Re: [RFC 2/2] KVM: add virtio-pmem driver
From: Dan Williams
Date: Mon Oct 16 2017 - 11:58:45 EST
On Mon, Oct 16, 2017 at 7:47 AM, Stefan Hajnoczi <stefanha@xxxxxxxxx> wrote:
> On Fri, Oct 13, 2017 at 06:48:15AM -0400, Pankaj Gupta wrote:
>> > On Thu, Oct 12, 2017 at 09:20:26PM +0530, Pankaj Gupta wrote:
>> > > +static blk_qc_t virtio_pmem_make_request(struct request_queue *q,
>> > > + struct bio *bio)
>> > > +{
>> > > + blk_status_t rc = 0;
>> > > + struct bio_vec bvec;
>> > > + struct bvec_iter iter;
>> > > + struct virtio_pmem *pmem = q->queuedata;
>> > > +
>> > > + if (bio->bi_opf & REQ_FLUSH)
>> > > + //todo host flush command
>> >
>> > This detail is critical to the device design. What is the plan?
>>
>> yes, this is good point.
>>
>> was thinking of guest sending a flush command to Qemu which
>> will do a fsync on file fd.
>
> Previously there was discussion about fsyncing a specific file range
> instead of the whole file. This could perform better in cases where
> only a subset of dirty pages need to be flushed.
>
> One possibility is to design the virtio interface to communicate ranges
> but the emulation code simply fsyncs the fd for the time being. Later
> on, if the necessary kernel and userspace interfaces are added, we can
> make use of the interface.
Range based is not a natural storage cache management mechanism. All
that is it available typically is a full write-cache-flush mechanism
and upper layers would need to customized for range-based flushing.
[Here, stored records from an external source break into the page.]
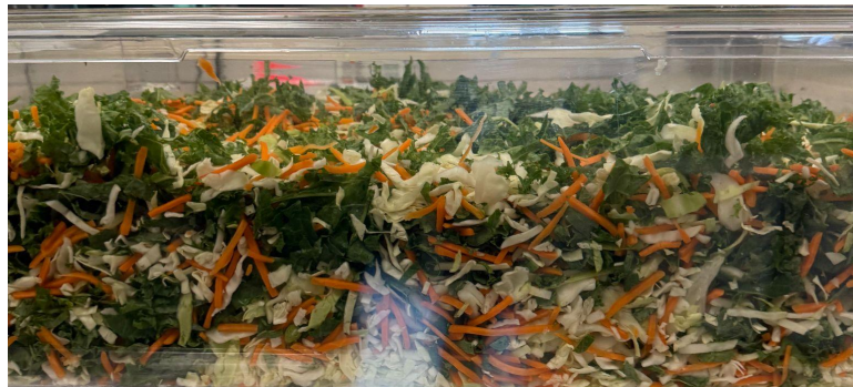
Homestyle Ranch Salad
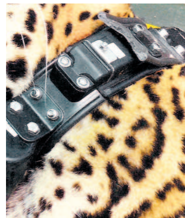
Radio collar fitted on the leopard

We lost Ajoba after 633 readings. It could be due to a malfunction in the collar, or it may have been damaged during his movements through water bodies
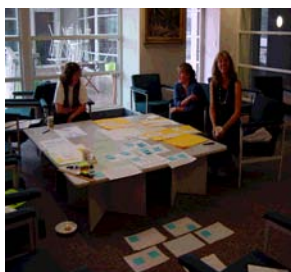
Equity Adventures - the CD rom in the making

"Equity Adventure" users can familiarize themselves with key approaches to equity issues in early childhood education."
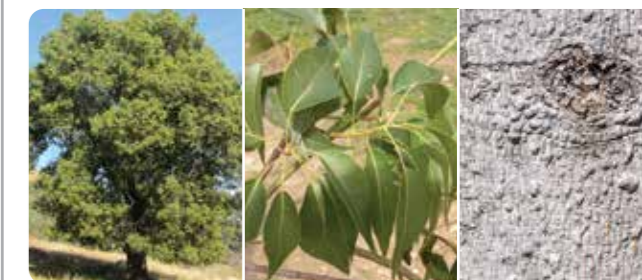
Kurrajong Brachychiton populenus

Note: in the northern edge of the Murray region this species is often replaced by Scribbly Gum ( E. rossii )
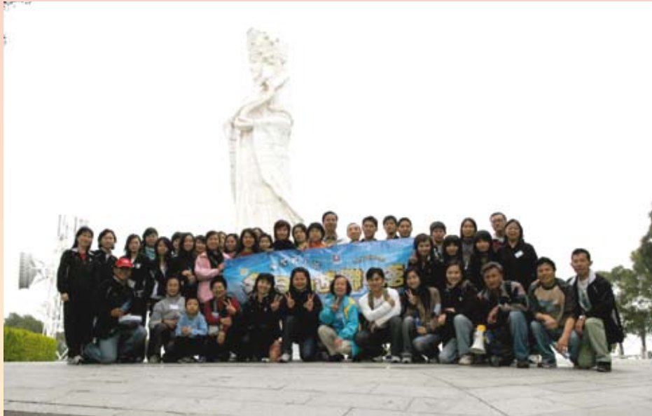
Volunteers and the CCAC leadership gathered at outing
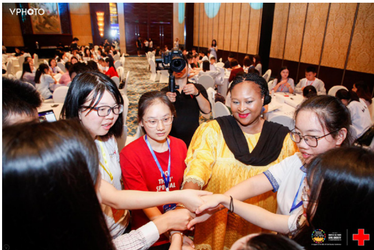
China Pre-Conference Youth Forum, Chengdu, Sichuan Province.

Following the conclusion of the conference, the Youth Climate Compact served as the basis for the programming of the SDG Action Zone, held on the margins of the September UN Youth Climate Summit and UN Climate Action Summit 2019. COP 25 also provided a platform to further expose young people and their constituencies the pledges of the Compact. Plans are now underway to follow up action on how the Compact is being further shared and implemented. Moving forward, it is hoped that the Compact will serve as a viable framework to engage youth on climate action within their networks and in local actions.
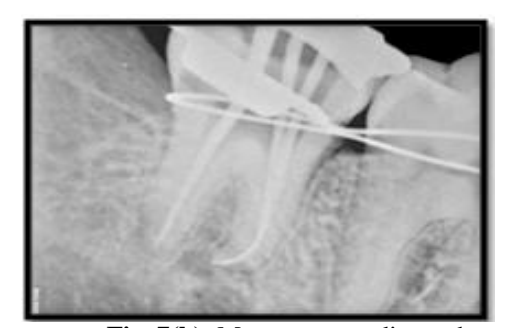
Fig. 7(b): Master cone radiograph
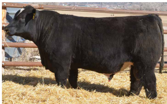
$13,000 Yardley Cottonwood, son of W44.
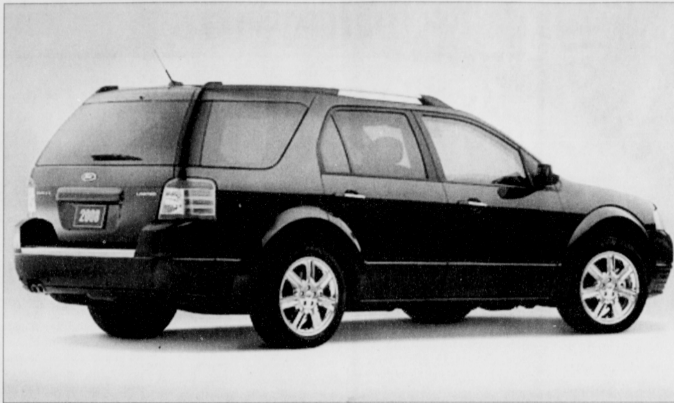
Specifications: 3.5-Liter, 263-hp @ 249 lb-ft. torque V-6 engine; 6-Speed automatic transmission, 17-City 24-Highway mpg; $38,160. MSRP

Taurus X's all-wheel-drive system, now similar to that of the Ford Edge, is new for 2008. It is less complex than the system it replaces, and it uses on-demand electro-mechanical center coupling to allocate a precise amount of torque from front to rear, up to 100 percent to either axle.
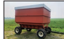
KILLBROS 400 CENTER DUMP GRAVITY WAGON , wood extension on J&M 1074 gear 12.5L-15, gears bought brand new & ex. cond. S: 4689
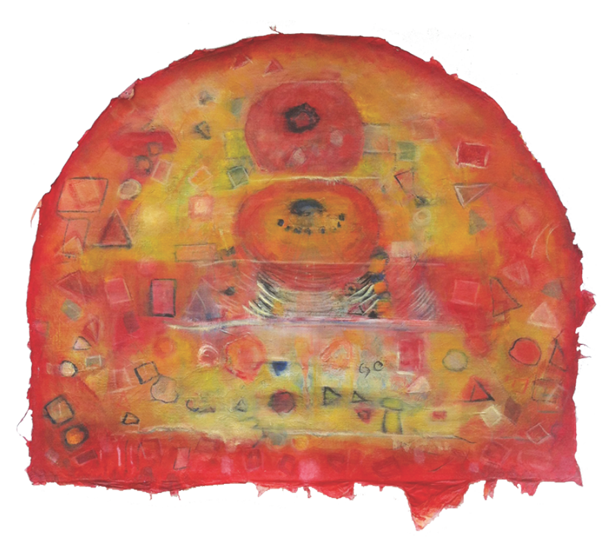
Bracciano , mixed media, 2012, 36 x 46 inches

>> If we do a async flush and move the task to wait queue till we receive
>> flush complete reply from host we can allow other tasks to execute
>> in current cpu.
>>
>> Any suggestions you have or anything I am not foreseeing here?
>
> My main thought about this patch series is whether pmem should be a
> virtio-blk feature bit instead of a whole new device. There is quite a
> bit of overlap between the two.
I'd be open to that... there's already provisions in the pmem driver
for platforms where cpu caches are flushed on power-loss, a virtio
mode for this shared-memory case seems reasonable.